Brewers push for tough limits on beer excise duties in EU

Series Title
Series Details 21/10/99, Volume 5, Number 38
Publication Date 21/10/1999
Content Type

Date: 21/10/1999

A Nordic-led coalition of European brewers is warning EU tax chiefs that firms face financial ruin unless the Union agrees to impose tough new ceilings on beer excise duties.

The 'Fair Excise for Beer' (FEB) campaign, which includes brewers groups from high-duty Scandinavian countries and the UK, claims massive differentials in the duties levied by member states are distorting the EU beer market, encouraging shoppers to cross borders in search of cheaper beer.

FEB legal advisor Birgit Ris argues that the Union should introduce a fair excise duty 'band' to iron out these differentials before companies go the wall.

She says brewers in the UK - particularly in the south east - have been hit by cheap beer available from northern French ports, and that the plight of Scandinavian firms is even worse because of EU moves to review their governments' right to restrict how much alcohol citizens can bring back with them from abroad.

“These derogations were negotiated when Denmark, Sweden and Finland joined the Union. But there is little chance that they will be renewed,” said Ris. The result, she argues, will be an opening of the floodgates to imports of foreign beer.

Ris said the huge differences in duties between member states were a powerful incentive for shoppers to cross EU borders, particularly those living close to a port or border.

Excise duties in the UK are six times the rate in France, and can double the wholesale price. The rate in Denmark is three time higher than in neighbouring Germany, and the levy in Finland is 15 times higher. “One member state should not be allowed to charge 15 times more than its neighbour - that is off the wall,” insisted Ris.

FEB, which has just launched a lobbying campaign to try to convince MEPs, Commission officials and governments of the need for a change in the rules, admits it will be far from easy to persuade high-duty countries to accept its arguments, given that they rake in billions of euro a year from excise duties.
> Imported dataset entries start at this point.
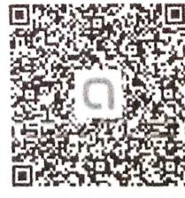
QR code กลุ่ม Openchat Line
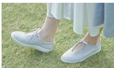
レザーシューズ『アキレス・ソルボ』

さっぽろ東急百貨店にオープンするポップアップショップは、『Achilles Lifestyle Store』で複数のカテゴリーにわたるブランドを集めて実施するポップアップショップとしては今回が全国初となります。東急プラザ渋谷の店舗と同じく、シューズ・寝具・フット&ヘルスケア・壁紙の4カテゴリーを中心に展開し、『Achilles Lifestyle Store』の魅力をそのままに、コロナ禍におけるライフスタイルの変化に寄り添った多彩な商品をお届けします。また、期間中は、商品の機能や快適さを体感いただけるイベントを毎週末に実施します。幅広いお客様に親しまれているさっぽろ東急百貨店への出店により、当社ブランドの認知拡大とイメージ向上を図るとともに、商品の魅力をより多くの方々へダイレクトに訴求していきます。
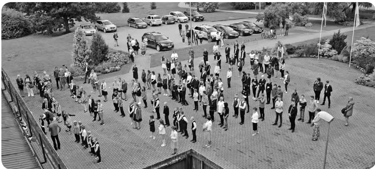
Andreja Eglīša Ļaudonas vidusskolas skolēni Zinību dienā.

Sveiciens visiem laikā, kad Dabas grāmata šķir pirmās rudens lappuses! Ar vēsiem vakariem, putnu nemieru un oranžajiem pīlādžiem ir atnācis septembris. Ir skaidrs – saules pulksteņi neapstājas.
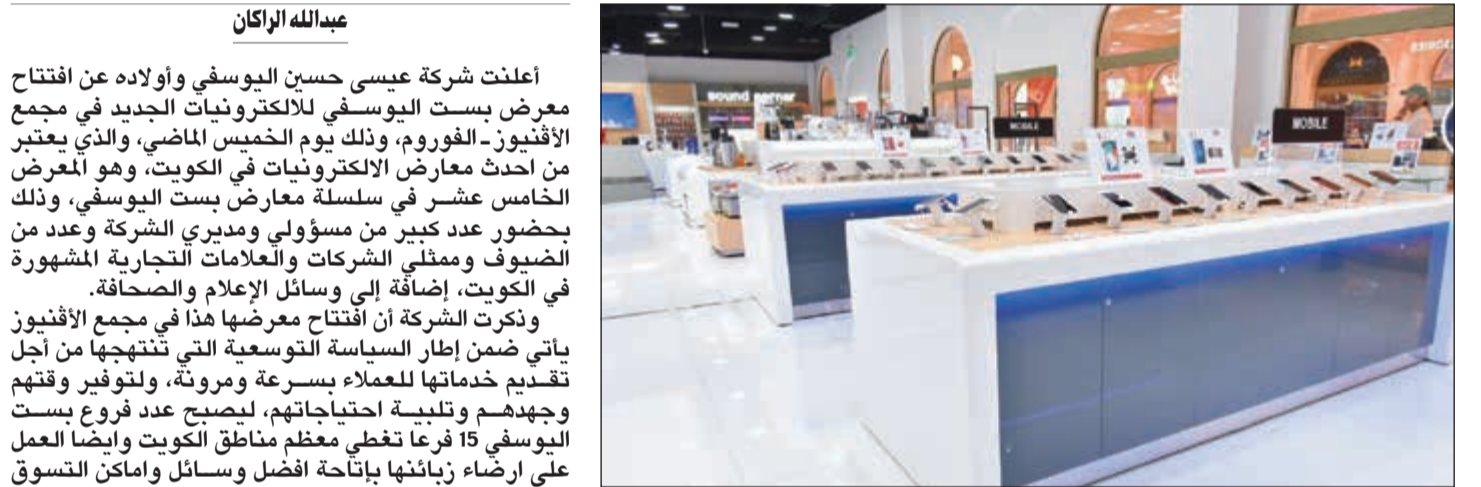
أجهزة من جميع العلامات المميزة
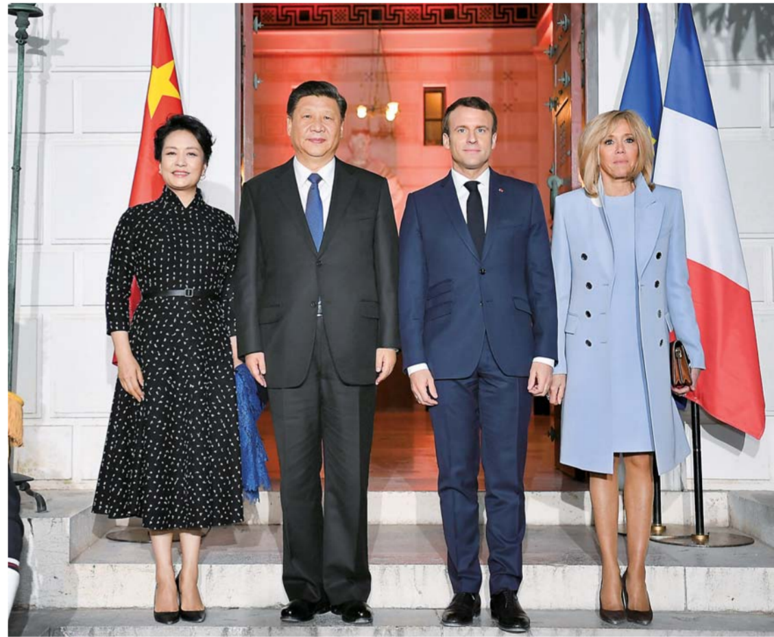
▲3月24日,国家主席习近平在尼斯会见法国总统马克龙。习近平夫人彭丽媛、马克龙夫人布丽吉特参加。

新华社巴黎3月25日电(记者霍小光、李建敏、郝薇)国家主席习近平25日在巴黎爱丽舍宫同法国总统马克龙会谈。两国元首一致同意,承前启后,继往开来,在新的历史起点上打造更加坚实、稳固、富有活力的中法全面战略伙伴关系。 习近平指出,国际形势发生了很大变化,但中法关系始终保持高水平健康稳定发展。总统先生就任以来,两国关系在不到两年时间里又迈上了新台阶,取得很多新成果。今年是一个具有特殊纪念意义的年份,既是中法建交55周年和中国留法勤工俭学运动100周年,也是新中国成立70周年。知古可以鉴今,为了更好前行,当今世界正经历百年未有之大变局,人类处在何去何从的十字路口,中国、法国、欧洲也都处于自身发展关键阶段。中方愿同法方一道,传承历史,开创未来,使紧密持久的中法全面战略伙伴关系继续走在时代前列,共同为建设一个持久和平、普遍安全、共同繁荣、开放包容、清洁美丽的世界作出更多历史性贡献。 习近平强调,要把中法关系发展好,政治互信是关键,务实合作是必由之路,国民感情是基础。新形势下,中法双方在这3个方面做得更好,要继续探索独立自主、相互理解、高瞻远瞩、互利共赢的大国相处之道。政治上,既要筑牢互信的“堤坝”,也要竖立理想的“灯塔”。要深化全方位、多层次、多渠道交流,充分发挥各个机制性对话作用,密切政府、立法机构、政党、军队间交流。要坚持尊重和照顾彼此核心利益和重大关切,和而不同、求同存异。要加强在联合国、二十国集团等多边机制中的合作,密切在气候变化等重大国际问题上的沟通和协调,推动落实《巴黎协定》和联合国2030年可持续发展议程,以实际行动维护以联合国宪章宗旨和原则为基础的国际关系基本准则和多边贸易体制。 习近平指出,在务实合作方面,中法既要深挖市场的“源头活水”,也要疏通政策的“河道沟渠”。双方要深化核能、航空、航天等传统领域合作,加
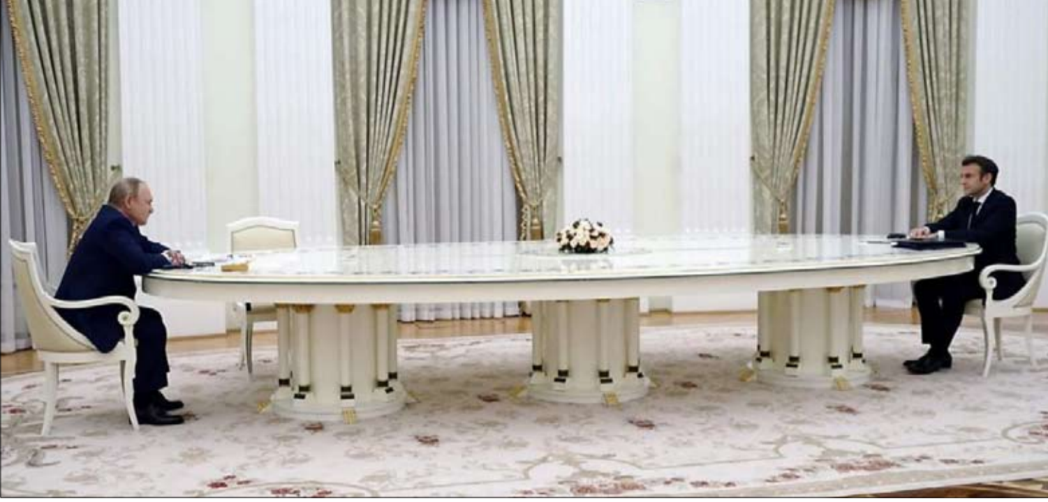
مسافة تقول الكثير

إلى طريقتين للاتصال متعارضتين جذرياً. كسر قواعد الرئاسة من خلال الظهور بقمصان كافي، والسير في الشوارع، وتصوير نفسه، والتأكيد على قربه من السكان، والتدخل محاطاً بأعضاء حكومته في كثير من الأحيان وهم يرتدون ملابس عسكرية،

But Ris said the industry was heartened by comments from new Single Market Commissioner Frits Bolkestein during his European Parliament 'audition' last month. Bolkestein told MEPs it was “in the best interests of the EU” for excise duties and value added tax to be harmonised.

Swedish Liberal MEP Gunilla Carlson organised a hearing on the issue with Commission officials and industry groups earlier this month. “High duties do not help the consumer. They just give a very good market to the smugglers,” she said.